In one study, 79 percent of brand drugs with copay cards had no generic equivalent, making the card more of an affordability lifeline for many patients. An IQVIA analysis found new patient abandonment rates are 50 percent lower when copay cards are used compared to what they would have been without a copay card.
A word on CAAPs
In 2018, PBMs launched copay accumulator adjustment programs (CAAPs) that prevented funds from copay cards from being applied to patient deductibles. This move can be especially concerning for those on high-deductible plans who are already responsible for a large portion of their medical and prescription expenses for a large part of the year.
Without copay card funds counting toward their deductible, prescription costs could become prohibitive, causing some patients to either abandon their medication or switch to a less-preferred alternative.
In one study, patients on high-deductible plans impacted by CAAPs had 1.5 fewer prescription fills than those on high-deductible plans without a CAAP over the course of nine months. With formulary and benefit changes yearly, many patients may be unaware their insurance has a CAAP until their copay card runs out and a large portion of their deductible remains.

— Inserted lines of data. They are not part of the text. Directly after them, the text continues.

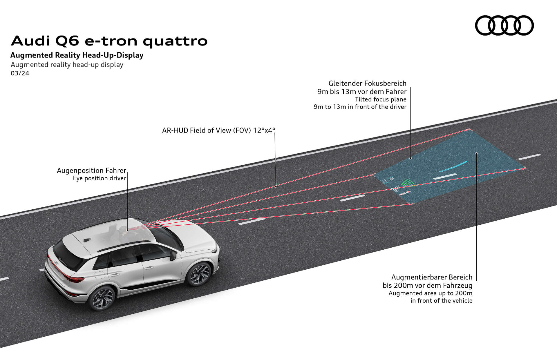 Ein weiteres Highlight ist das (optionale) Augmented Reality Head-up-Display, welches in der Windschutzscheibe relevante Informationen wie beispielsweise Geschwindigkeit, Verkehrszeichen, Assistenz- und Navigationssymbole anzeigt. In einem Bereich von bis zu 200 Meter Entfernung können so nahtlos virtuelle Inhalte in die reale Welt projiziert werden.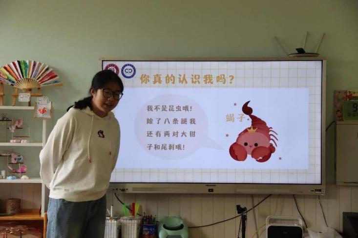 在简单的自我介绍过后,昆虫协会的志愿者为小朋友们介绍昆虫的相关知识。通过生动的PPT展示,列举了螳螂等常见的昆虫,并为小朋友们展示蝴蝶标本。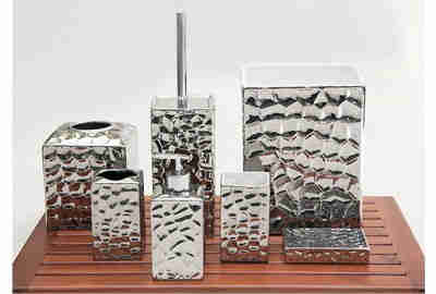 7 piece bathroom accessory, waste basket, toothbrush holder, tumbler, tissue box, soap dish, lotion dispenser and toilet brush holder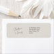 Chic and elegant wedding address label sticker, featuring couple names in a contemporary set of blackish fonts against a soft pastel dove grey background. This item forms part of a wedding suite containing invitations and stationary in a variety of neutral mix and match items. .

Currently, five states have passed laws restricting CAAPs to varying degrees and more are likely to follow this year. Intelligent technology can help identify and predict plans impacted by CAAPs to help potentially impacted patients create a financial game plan and stay adherent to their medications.
Technology can help providers, pharmacists and biopharma assist patients with affordability
Deciding the best route to medication access, affordability and adherence can feel like fanning out a hand of cards at the point of prescribing.
While care teams at the prescriber’s office and pharmacy can hold personal conversations with patients, transparent, real-time tools delivered within the prescriber and pharmacy workflow can help lay all the cards on the table for an informed decision-making process. Additionally, patients that opt-in to receive education and outreach when they enroll into co-pay card programs provides a direct-to-patient channel for education and engagement. This transparency can help determine decisions like generic or brand medications, payment through cash or benefit, and which affordability assistance tool is available for use.
Biopharma company educational material, often available with copay cards, can further help patients better understand their condition and medication to improve adherence.